This is a simple solution to allow any blogging platform or news publication to expose their existing Atom feeds with minimal effort.

Social interactivity

Below are a few ideas on how we could implement some important social interactivity features, many of which were popularized by Twitter.

Replies

A a user could reply to another post by creating an entry with a <link> element containing an attribute rel="related".

<entry>
    [...]
    <content>Content of the reply.</content>
    <link rel="related" href="https://timelines.domain.com/johndoe/a983d96f-dd05-4fe6-a18f-7e8eb15068ff" type="application/atom+xml"/>
</entry>

Retweets

Similarly, a retweet - or a repost - would use a rel="via" instead:

<entry>
    [...]
    <content>Retweet with a comment.</content>
    <link rel="via" href="https://timelines.domain.com/johndoe/435ffbb6-ed8f-406b-a39b-5118035d7737" type="application/atom+xml"/>
</entry>

Mentions

Mentions would work exactly as they do in most social networks today, but email addresses would replace usernames.

Hashtags

Hashtags could be implemented as they are today, or maybe use the optional <category> element specified in the Atom specification.

<entry>
    [...]
    <category term="election2020"/>
    <category term="economy"/>
</entry>

Identity

Something akin to verified accounts could be achieved using the existing certificate infrastructure and domain-based security. For example, the timeline status@digitalocean.com could be verified the same way one would verify that digitalocean.com belongs to DigitalOcean LLC.

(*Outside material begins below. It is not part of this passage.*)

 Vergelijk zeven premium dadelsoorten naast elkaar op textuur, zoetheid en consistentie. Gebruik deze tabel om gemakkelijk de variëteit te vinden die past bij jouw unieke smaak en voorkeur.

Posts could be signed the same way some organizations digitally sign their emails, or developers their commits on git.

Of course, remaining anonymous would be perfectly possible.

Curators

Technically, publishing the data is the easiest thing to do. The challenge is to distribute it and make it accessible in near real-time to as many curation providers is possible, so that each one of them can provide a different experience to their users.

One possible way to achieve this would be to rely on connecting the curators via a peer-to-peer network to exchange messages on updates made to timelines, using a sub-pub approach. The IPFS project is currently experimenting with various ways to create similar networks efficiently. A gossip protocol would be ideal if designed to mimic the topology of the graph formed by content, curators and users, and could help disseminate information in near real-time. The publishing of a new post, reply or mention would be broadcasted to the network, so that curators interested in updates to those timelines in particular could issue a request to refresh their content.

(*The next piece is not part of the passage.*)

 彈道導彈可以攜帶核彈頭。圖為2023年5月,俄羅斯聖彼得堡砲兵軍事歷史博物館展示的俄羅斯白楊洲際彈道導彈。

This is a critical piece of infrastructure that the World Wide Web is desperatly in need of to defend itself against the threat of closed platforms for which it's easier to implement. Put simply, the web needs to handle real-time in a decentralized way.

At a minimum, a curator on the network would subscribe to all the updates for all the timelines and categories that its users are following.

How the content is actually curated and rendered to the user is entirely up to the curator. What matters is choice.

Privacy

Not all timelines should be public. To allow users to choose who can see their private timeline, a simple protocol could be created to exchange a key between the timeline server and the curator:

  1. Alice's Curator requests access to Bob's timeline on her behalf;
  2. Bob's Timeline server presents the request from Alice to Bob;
  3. Bob accepts Alice's request;
  4. Bob's Timeline server generates a key specific to Alice and her curator;
  5. Alice's curator can access Bob's timeline by presenting the key obtained with the process above.

It would be perfectly possible to imagine some posts in a timeline being public, while others remain private. The timeline server would only serve the private posts if a key is present in the request.

Unsolved Problems

This is not the first attempt to separate the data from the applications. The father of the World Wide Web himself is one of the contributors to Solid, an architecture and a set of protocols with a similar goal. The ideas in this post are not incompatible with that vision. Where I believe we differ is in the need to define an open infrastructure to handle real-time information. I hope this leads to an attempt to create one.